Noise is the variability in judgments made by different individuals, for the same case. So one approach to reduce the “between-judge” variability is to create guidelines that offer boundary conditions, guardrails, or heuristics to decision makers. A simple checklist can serve as an effective aid that steers judgment without mandating a choice. This is the challenge for decision architects: Finding some influence over decision makers, to reduce noise, without compromising their decision authority.

Use a shared scale

Many decision architectures use gradations or scales to help communicate opinions across options (like a 1-10 scale to convey differences in the range from “poor” to “excellent”). When a judge or decision maker uses a scale like this, they have to translate their general impression of the option into the units of the scale. When different judges use different scales, or even interpret the scale differently, there will be noise.

Scales that ask for judgment of options relative to each other, instead of against absolute criteria, tend to be less noisy. This makes stack-rankings a better approach than strict ratings against fixed criteria.

Even better: find a way to create a scale that asks for relative judgment with an “outside view”, that is, comparisons that use base rates of similar options across wider populations (i.e. compare against a wider range of options, either historical or industry-wide). Also recognize that different judges will interpret scale levels like “good” or “great” differently, so to reduce noise, consider providing concrete examples of “good” and “great” to anchor the relative evaluation.

Structure complex judgments

When a decision or judgment requires thoughtful consideration from multiple perspectives, vantage points, or lenses, we can get lost in the variety of assessments.
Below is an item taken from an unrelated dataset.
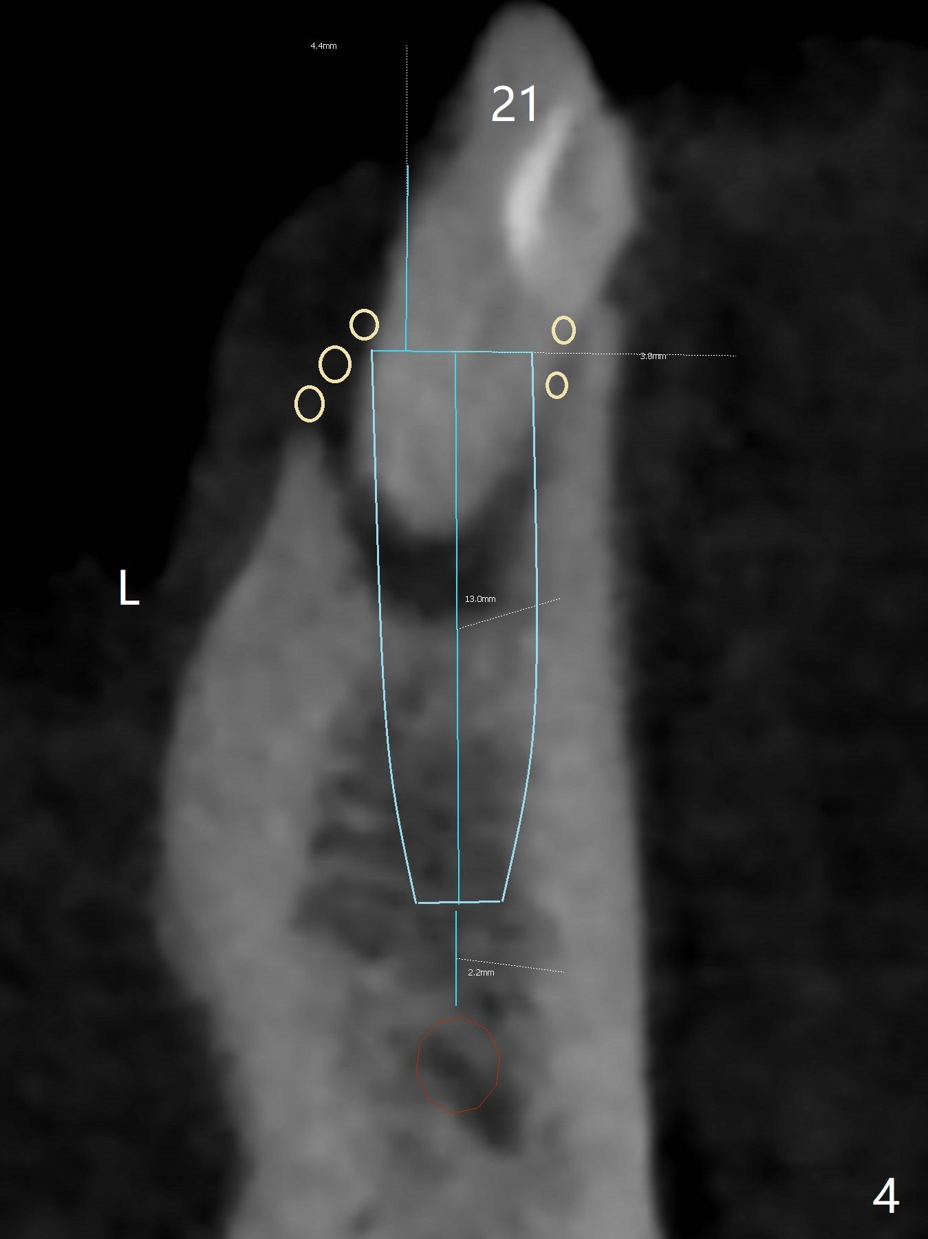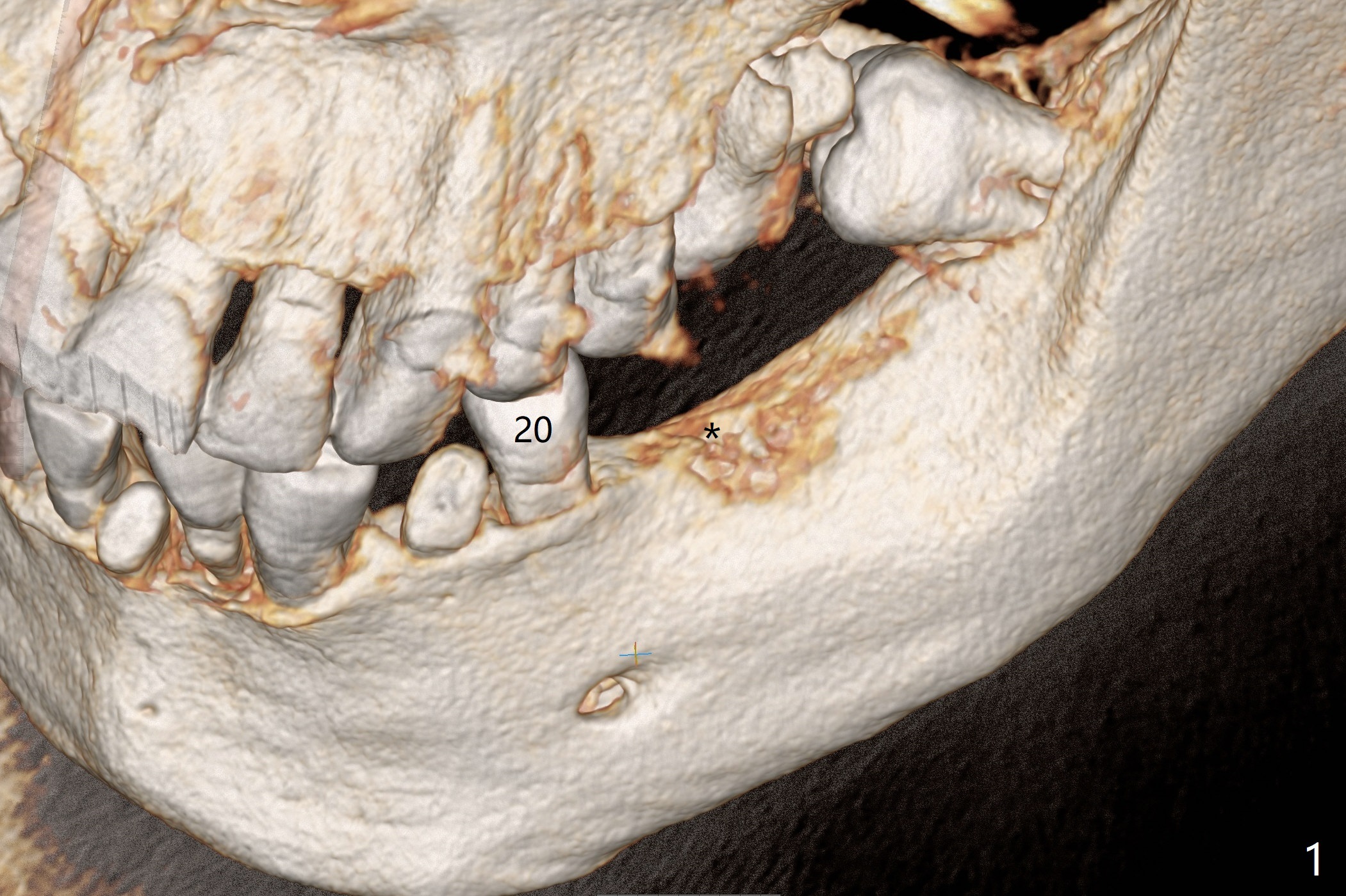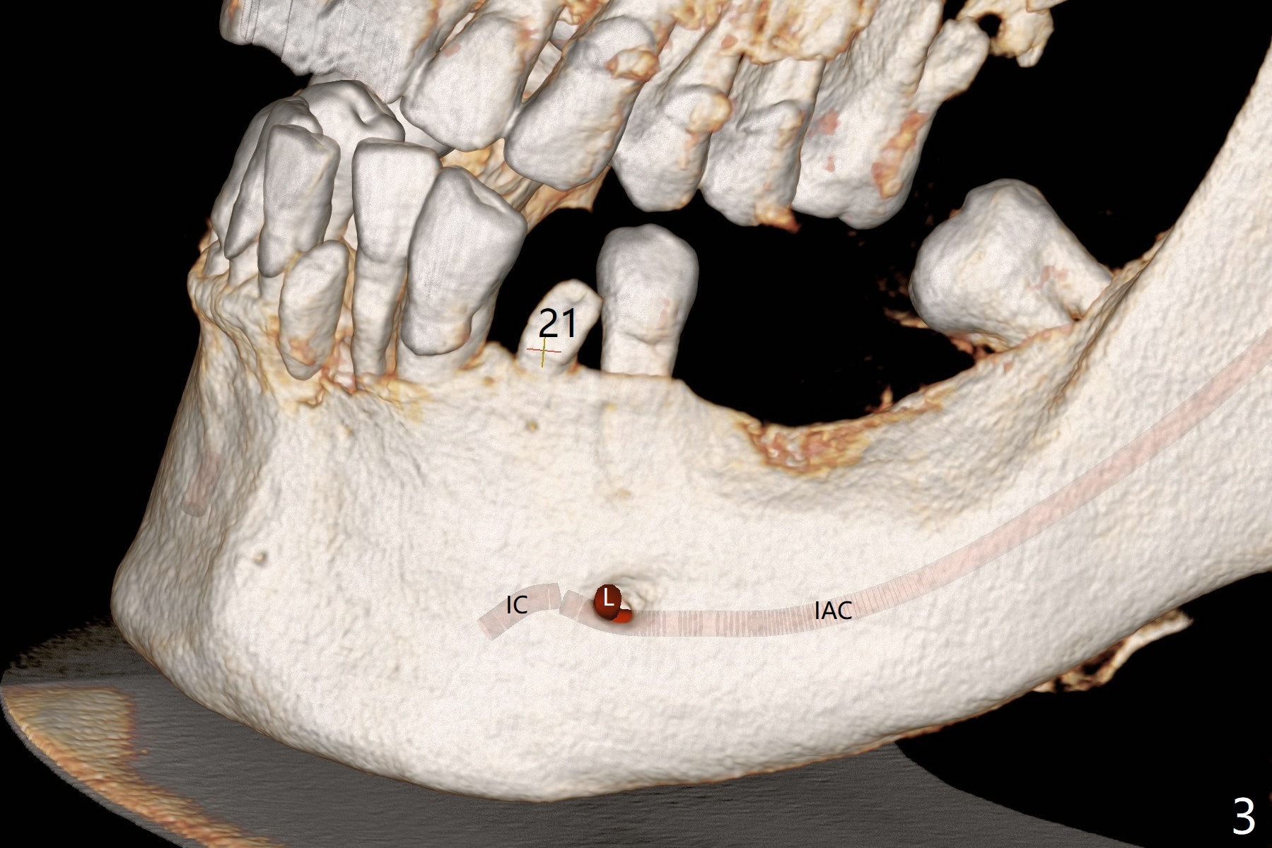 A 54-year-old man has poor dentition, including missing tooth of #19 and residual root at #20 (Fig.1). The lingual crest (Fig.2 (lingual view), Fig.4 (L)) is lower than the buccal one. The Inferior Alveolar Canal (Fig.3 IAC) becomes the Incisive Canal (IC, Fig.4 red circle) after the Mental Loop (Foramen). An implant at #21 will be placed at the level between the buccal and lingual crests (Fig.4) with osteotomy initiated in the middle of the socket. Bone graft is to be placed around the coronal end of the implant (yellow circles).

Which angle should steer the final judgment?

Earlier, we talked about how we should try to delay that final judgment until we’ve had a chance to spin through all assessments. One way to help with this is to break things down, so that one decision can be considered as a set of component assessments or judgments. This decomposition allows us to evaluate, without jumping to final judgment prematurely (which our brains really, really want to do…).

The trick here is to find orthogonal criteria, or factors, that support those varied perspectives, across one or more contexts, such that each criteria or factor has enough depth to warrant an independent assessment.

It’s like that classic parable of the blind men and the elephant; we choose to make ourselves blind to the other assessments, in order to form a partial opinion. Hopefully, we can reconcile our own distinct assessments better than the blind men in the story, though.

In “Noise”, the authors provide a method for decision making that combines these ideas into a single approach, called the Mediating Assessments Protocol. They introduce the method with an example where the leadership team must decide whether to pursue an acquisition of another company, then present it to their board.

The story makes a compelling argument for how these ideas can support strategic decision making, in the presence of uncertainty. As a whole, the book, “Noise” makes for a challenging (cognitively-heavy) read, but Chapter 25, which introduces this method with the illustrative story, can be read on its own. I recommend finding a copy, and checking it out.

These gurus of decision making (Kahneman, Sibony, and Sunstein) also know what you are thinking at this point (lol):

“No doubt this emphasis on process, as opposed to the content of decisions, may raise some eyebrows. … Content is specific; process is generic. Using intuition and judgment is fun; following process is not. Conventional wisdom holds that good decisions - especially the very best ones - emerge from the insight and creativity of great leaders. (We especially like to believe this when we are the leader in question.) And to many the word process evokes bureaucracy, red tape, and delays.” - Daniel Kahneman, Olivier Sibony, Cass Sunstein: “Noise”

But they add, “Decision hygiene need not be slow and certainly doesn’t need to be bureaucratic. On the contrary, it promotes challenge and debate, not the stifling consensus that characterizes bureaucracies.”

So… roll up your sleeves, and use these hygiene tips to seek new ways to make your decision architecture a little more resilient in the face of noise.